> **Assigned task**: Look below for the line with "Maldives 5 Rufiyaa, 2017new5". Retype it and every line after it to the end, exactly, but leave out the pictures.

Extracted data entries
----------------
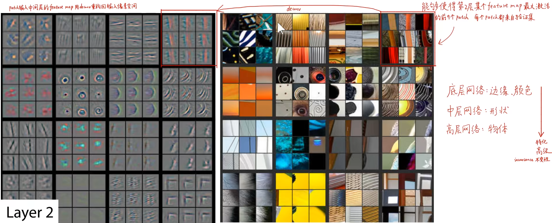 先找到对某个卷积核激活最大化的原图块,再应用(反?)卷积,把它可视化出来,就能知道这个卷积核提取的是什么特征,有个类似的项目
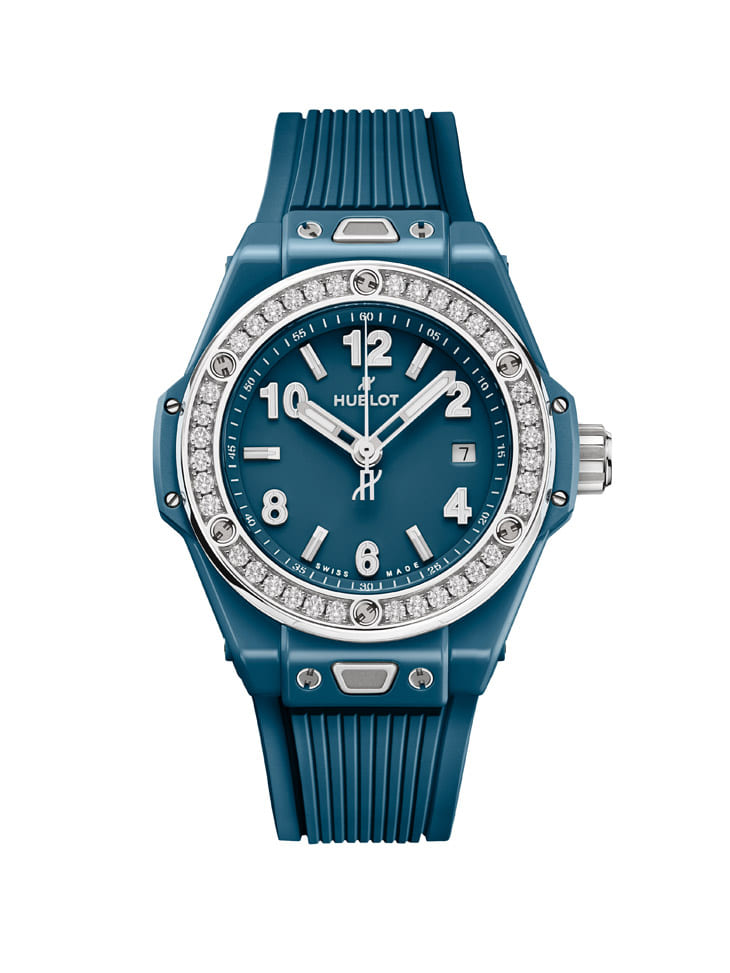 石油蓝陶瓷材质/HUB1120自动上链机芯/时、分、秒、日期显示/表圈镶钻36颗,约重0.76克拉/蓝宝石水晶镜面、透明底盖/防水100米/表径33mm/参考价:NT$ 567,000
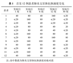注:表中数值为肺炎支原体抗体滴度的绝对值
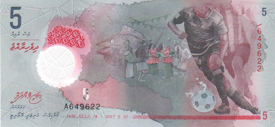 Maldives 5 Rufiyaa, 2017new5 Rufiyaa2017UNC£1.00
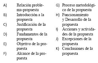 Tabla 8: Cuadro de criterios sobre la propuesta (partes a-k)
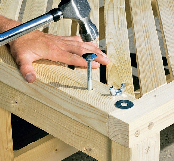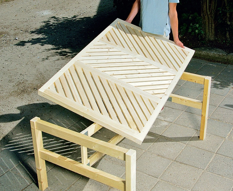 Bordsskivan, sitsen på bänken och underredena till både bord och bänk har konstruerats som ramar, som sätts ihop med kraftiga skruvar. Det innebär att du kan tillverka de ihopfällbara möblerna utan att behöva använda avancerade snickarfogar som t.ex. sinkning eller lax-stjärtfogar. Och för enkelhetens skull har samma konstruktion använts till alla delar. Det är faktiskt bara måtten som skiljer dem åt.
----------------
> **Answer to this exercise**:
 Maldives 5 Rufiyaa, 2017new5 Rufiyaa2017UNC£1.00
 Tabla 8: Cuadro de criterios sobre la propuesta (partes a-k)
 Bordsskivan, sitsen på bänken och underredena till både bord och bänk har konstruerats som ramar, som sätts ihop med kraftiga skruvar. Det innebär att du kan tillverka de ihopfällbara möblerna utan att behöva använda avancerade snickarfogar som t.ex. sinkning eller lax-stjärtfogar. Och för enkelhetens skull har samma konstruktion använts till alla delar. Det är faktiskt bara måtten som skiljer dem åt.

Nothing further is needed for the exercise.